# Strawberry Peach Wine



## ffemt128 (Jul 13, 2011)

Seeing that Sarah was planning a batch of Strawberry Peach wine, I searched the recipe section. I did not see a recipe for this blend and I was considering giving it a try myseld. I still have about 60+ lbs of berries in the freezer, but I was looking for a recipe and possibly a ratio berry to peach that others have tried in the past.

Thanks


----------



## winemaker_3352 (Jul 13, 2011)

Doug - i just fermented them by themselves - and blended them after backsweetening and adding f-pacs.

I blended 1 gallon of peach to 6 gallons of strawberry. This turned out great - won a few awards for that blend.

I have strawberry going now - just need to get some peaches!!

Froze the berries for a good 4 days - thawed for 2 days - crushed.

I used the Lalvin 71b-1122 yeast and yeast nutrient, added sugar to 1.085, acid to .60, added pectic.

I left the berries in the must until the SG was at 1.005.

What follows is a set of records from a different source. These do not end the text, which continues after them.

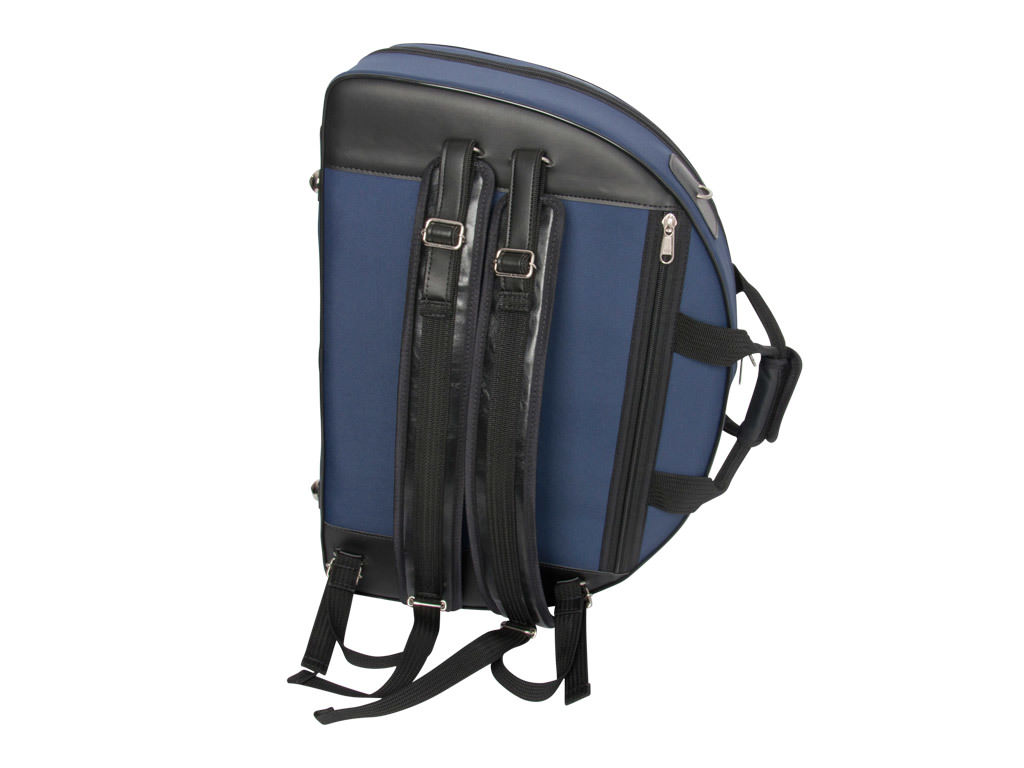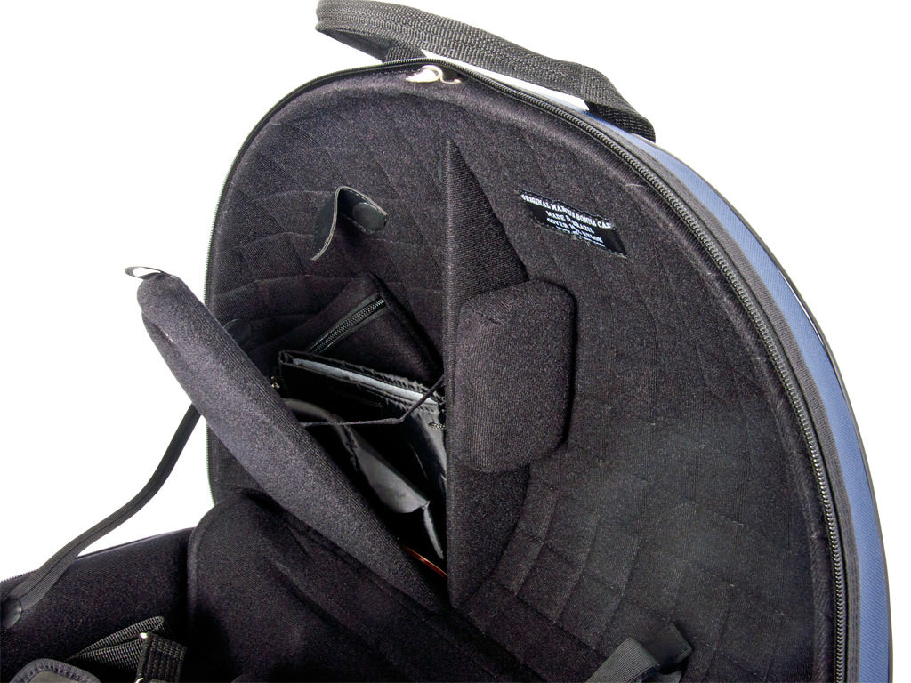 These Cases by Marcus Bonna are specifically designed for French horns. The case is made from a sturdy fiberglass shell covered in durable nylon. The inside is covered with 1cm thick foam and a soft fabric lining. A French horn will fit perfectly with two belts, pouch for the bell and 2 modular blocks.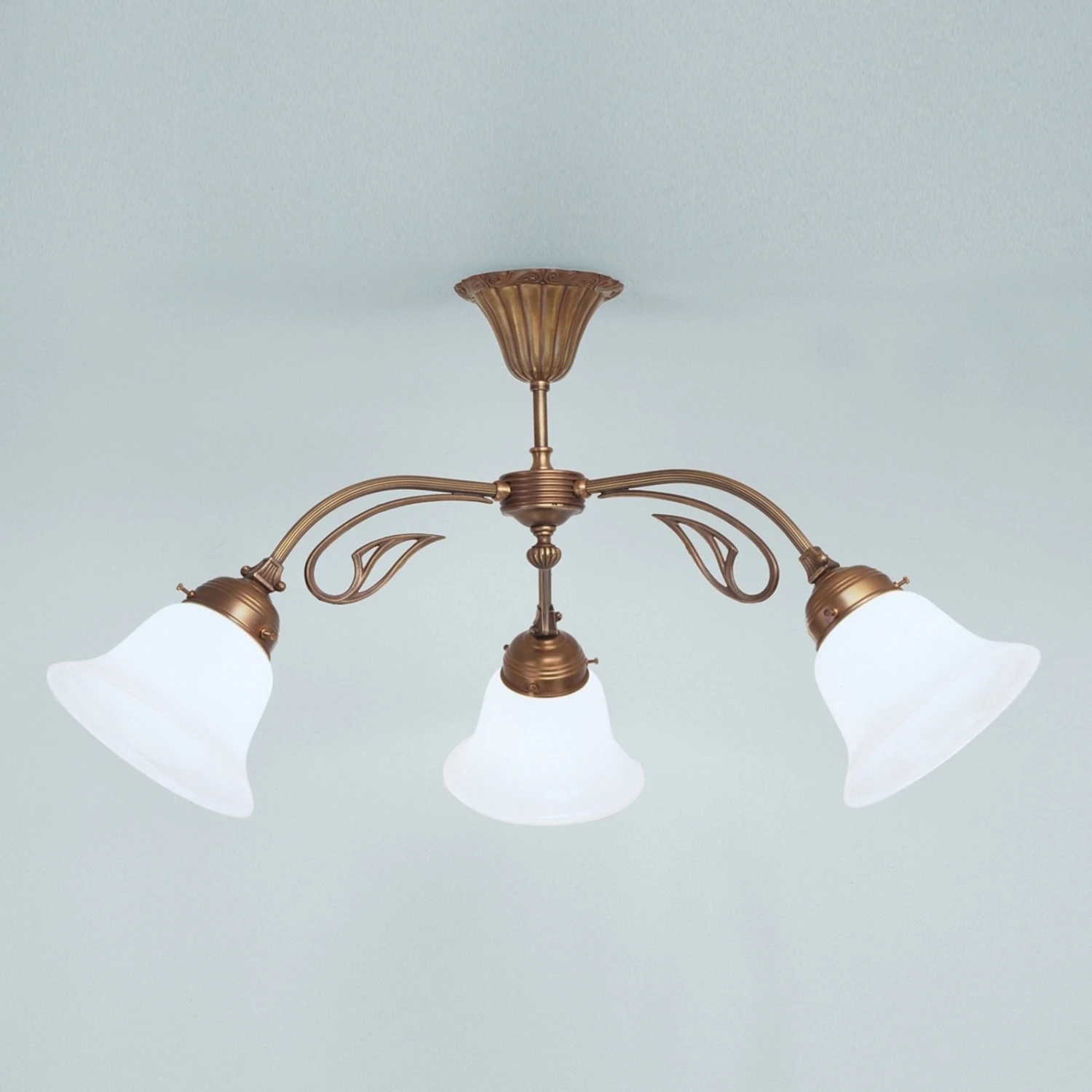 Die Deckenleuchte HERTHA überzeugt durch ein sehr reduziertes Auftreten. Die Halterung ist dabei mit hakenähnlichen Formen verziert. Darüber hinaus gibt es keine Spielerein, um nicht zu viel Aufmerksamkeit auf sich zu ziehen. Das Material der Halterung ist das qualitativ hochwertige Berliner Messing. Dieses wurde in Handarbeit zusammengesetzt und behandelt. Um die klassisch wirkende Farbe zu erzielen wurde das Messing dabei traditionell eingefärbt. Die weißen Lampenschirme sind mundgeblasen. Um Energie zu sparen lassen sich als Leuchtmittel auch LED- oder Energiesparlampen verwenden.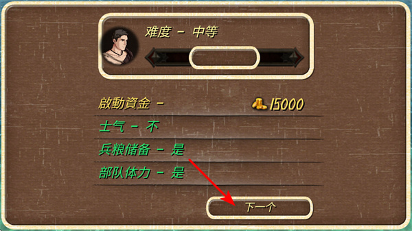 1、進入游戲難度設置界面后,點擊下一個按鈕,這是推進開局配置的關鍵操作,點擊后可確認難度、啟動資金等設置,開啟游戲進程。
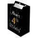 This luxurious, stylish, and sophisticated birthday themed giftbag design features the ordinal number "4th" having a large imitation/faux gold-inspired gradient pattern, along with a birthday greeting message and a personalised recipient name in a script-style font. It also has a black-coloured background. A luxurious birthday themed gift bag like this might be a fun way to wrap a gift or present being given to somebody who is celebrating their 4th birthday. [~Z0000513]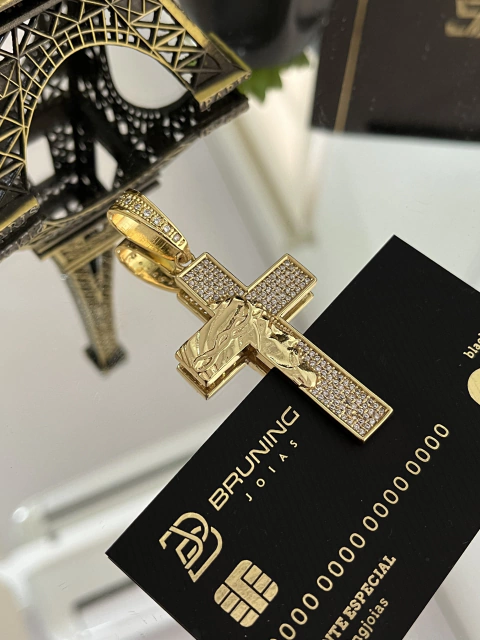 1 Pingente Cruz Face de Cristo Cravejada, mede 3,1 cm (L) x 4,6 cm (A), recomendamos para correntes médias e grossas, pesa aproximadamente 7 gramas.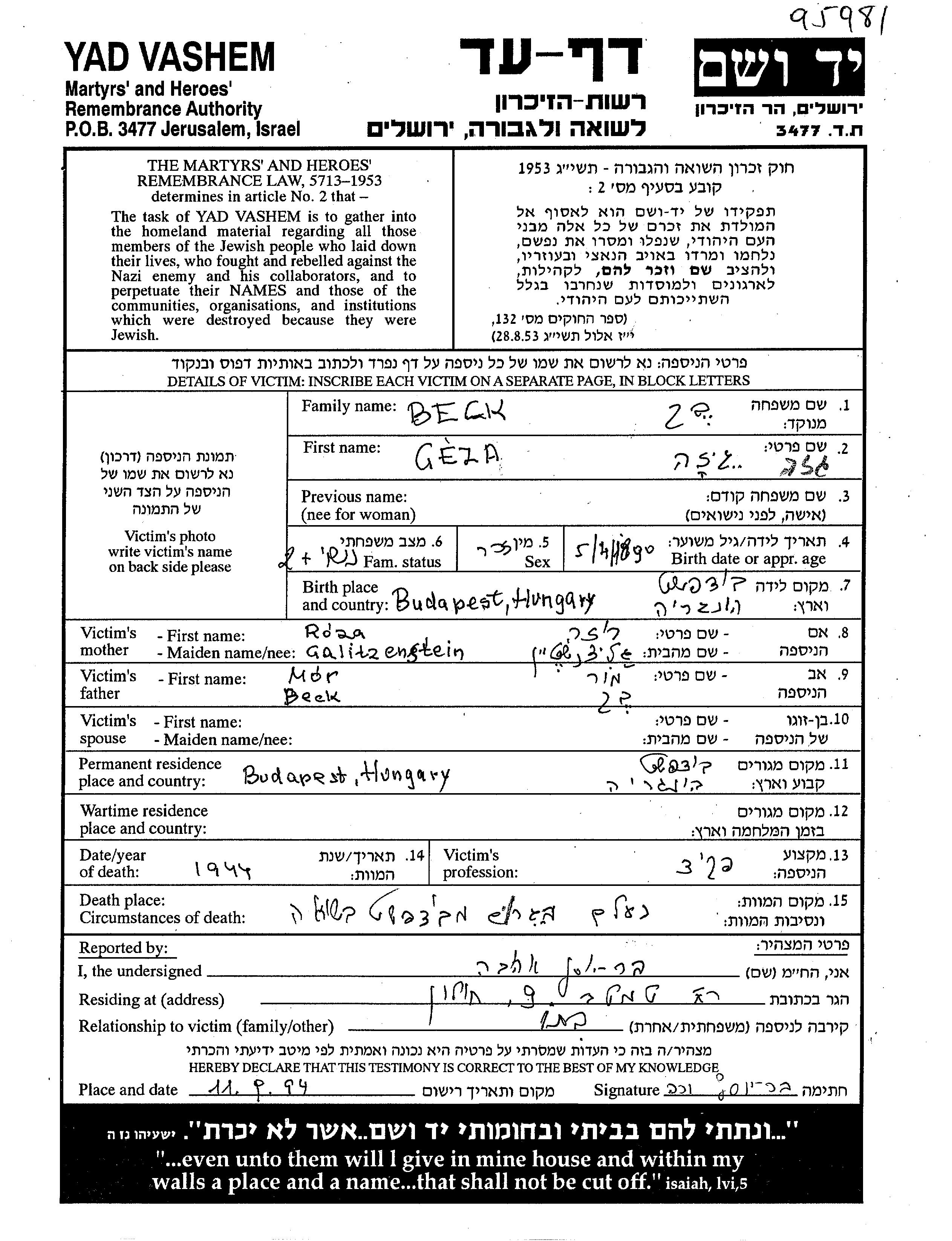 Бек | Геза | 1890 | Будапешт, Венгрия | Список уничтоженных евреев из Венгрии |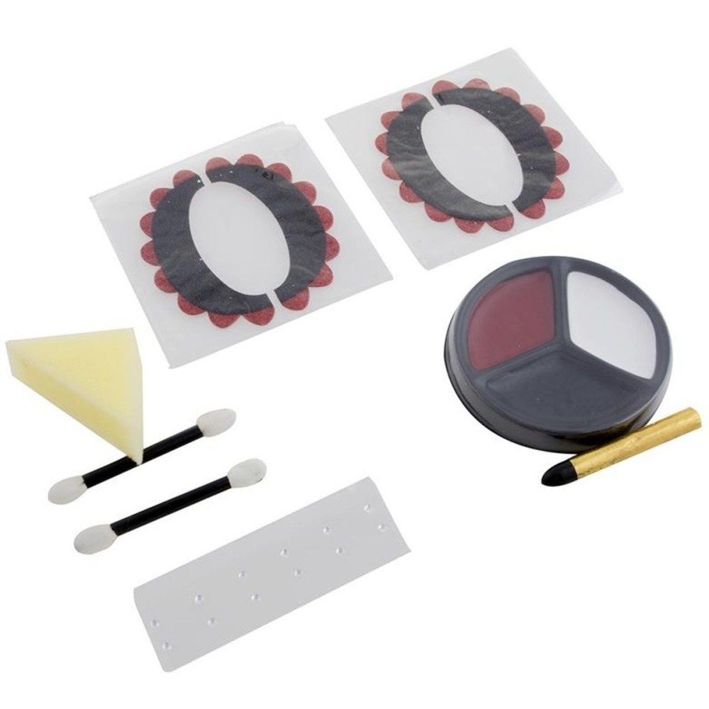Karnevalová sada barev na obličej pro mexický svátek Den mrtvých obsahuje vše, co potřebujete pro autentické líčení. V balení najdete houbičku, nálepky kolem očí, drobné nalepovací kamínky, aplikátor, barevnou tužku a tři různé barvy krémového líčidla.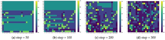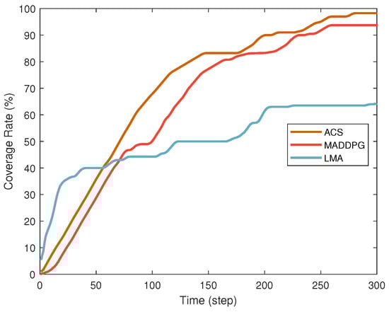 - Reward function : An appropriate reward function can help the UAVs explore better actions. The main objective of the exploration pursued by the UAV is to cover the unexplored area as soon as possible, minimize the energy consumption of the UAVs, and avoid collision with other UAVs. Therefore, the reward function is defined as follows.Target reward: This reward function encourages the UAV to find the target as soon as possible and mark the location of the target. We set that when , it means that the UAV has determined the target location, where is a threshold. The reward that the UAV can get when marking a target location is as follows.where is a positive constant.Coverage reward: This reward guides the UAVs to quickly cover the mission area, with fewer repetitive searches, and to cover as much unexplored area as possible. Therefore, the UAV search reward iswhere is the number of visits to the grid and is a penalty coefficient.Collision penalty: We use a penalty mechanism to guide UAV not to collide with other UAVs, and the collision penalty is [39]where is the safe distance between UAVs.In summary, the whole reward function is derived aswhere and are the reward correlation coefficients.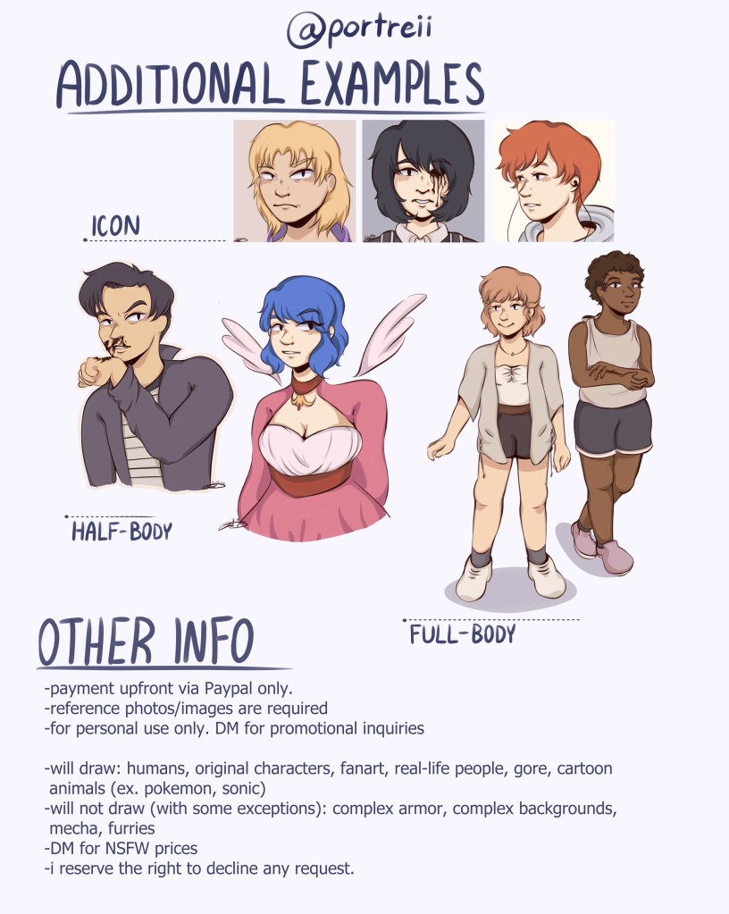 Commission all inquires can be sent via direct message to my twitter. payment is upfront and via paypal only. back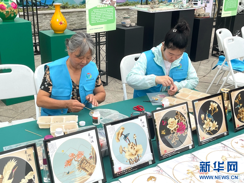 手工艺人现场展示如何将麦秆变为艺术品。新华网吴晓 摄
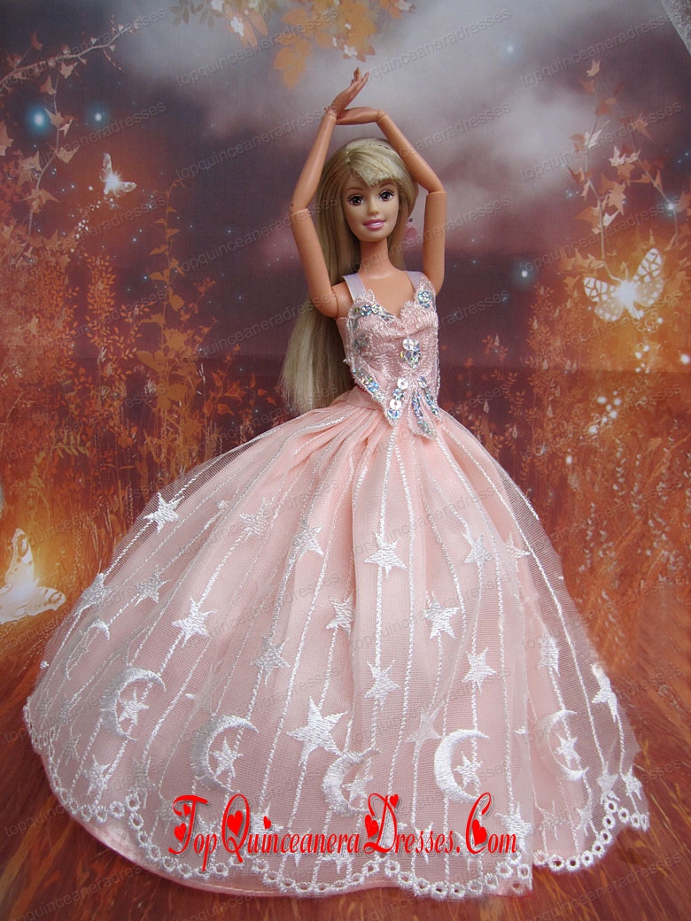 Ball Gown Lace and Appliques Baby Pink Handmade Dresses Fashion Party Clothes Gown Skirt For Barbie Doll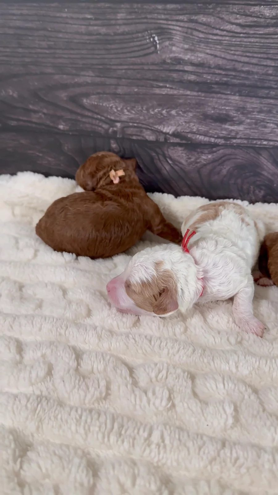 Our Goldendoodle puppies include apricot, red, and parti. Cavapoo puppies include tri-color, red, black and white, and apricot. Colors will vary depending on the parent dogs.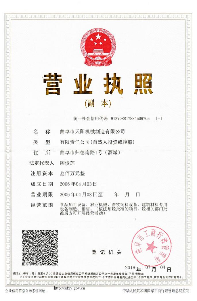 曲阜市天陽機械制造有限公司坐落于“東方圣城”——孔子故里曲阜市,是一家從事糧食食品加工機械,飼料機械的企業。公司秉承“顧客至上,銳意進取”的經營理念,堅持以客戶為中心的原則為廣大客戶提供優良的服務,主要產品有粉條機、淀粉機、玉米面條機、米線機、涼粉機、釀酒機、碾米機、顆粒飼料機、側草機等,歡迎回顧!公司全體員工將竭誠為您服務。 了解更多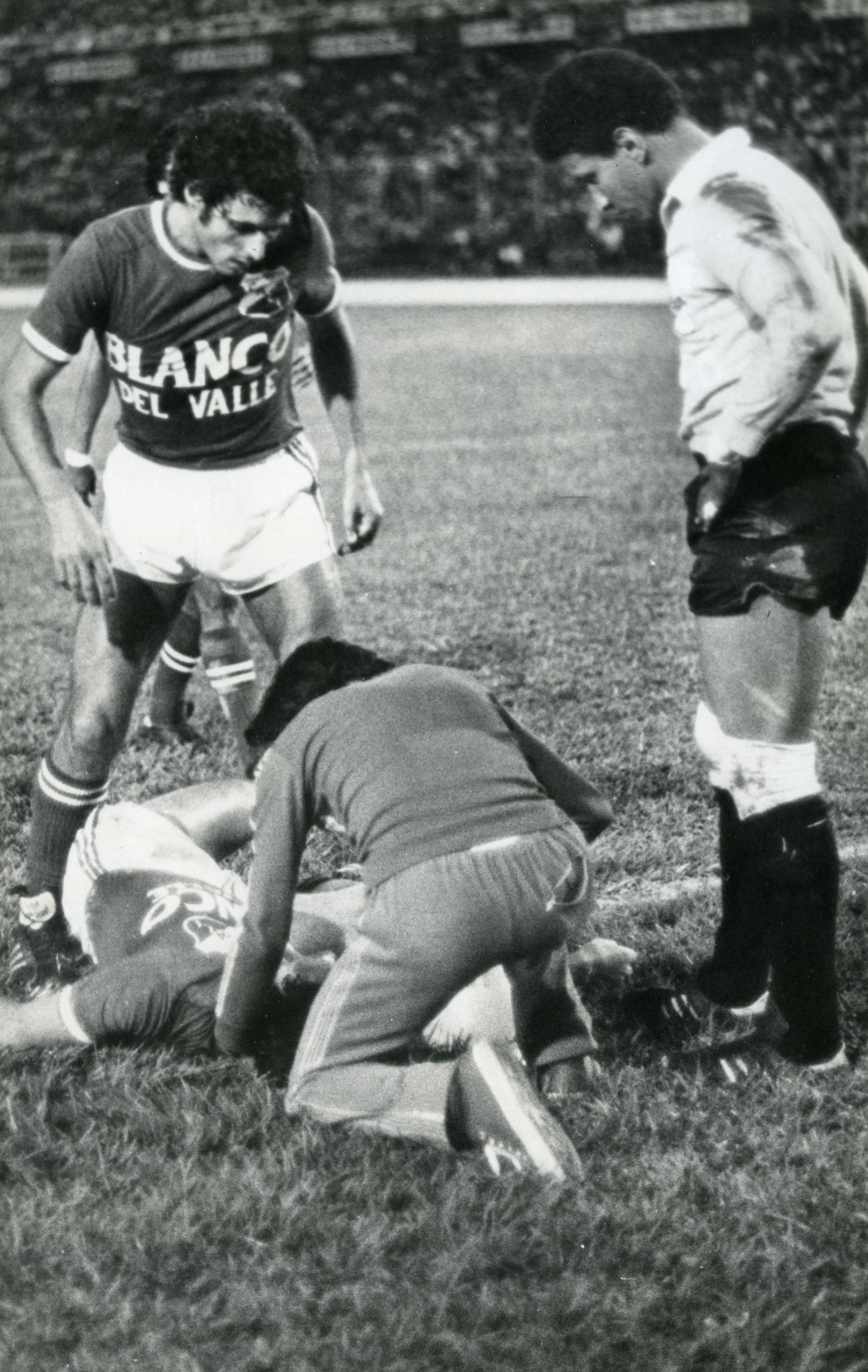 Partido entre los equipos de fútbol, Deportivo Cali vs Millonarios, realizado en el estadio Olímpico Pascual Guerrero de la ciudad de Cali. Se aprecia jugador caleño lesionado tendido en el suelo y el portero Pedro Antonio Zape observa mientras se atiende al jugador
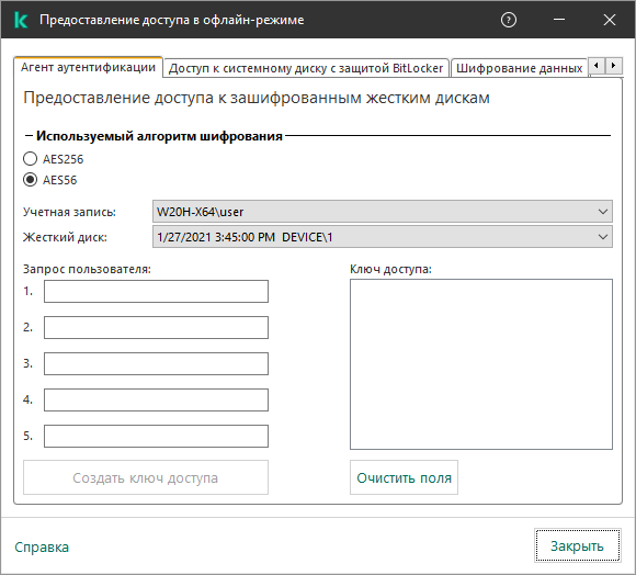 В результате содержимое блоков ответа на запрос пользователя о восстановлении имени и пароля учетной записи Агента аутентификации отобразится в поле Ключ доступа. Передайте содержимое блоков ответа пользователю.

I believe a little water - not much though.


----------



## ffemt128 (Jul 13, 2011)

I have a batch of strawberry going now that was made with 44 lbs of berries. I was thinking of trying to mix up front, but maybe blending after is the way to go.


----------



## FTC Wines (Jul 13, 2011)

Doug, I make a "BS Peach Wine" That's 1-2 ea. bananas, 1 lb. strawberries, & 7-8 lbs. peaches, for a 2 gal. batch. One year I used 10 lbs. of peaches & it was "peachier" but I like it the first way. I also have a gal. of strawberry wine from a S.P. starter that I might blend into my BS Peach to kick up the strawberry flavor. Too many options, too much blending, ALL is GOOD! Roy


----------



## SarahRides (Jul 13, 2011)

Hi Doug! I was going to use the recipe that djrockinsteve had posted in his blog. It looked like a good recipe! (I've also decided to keep the skins on)


----------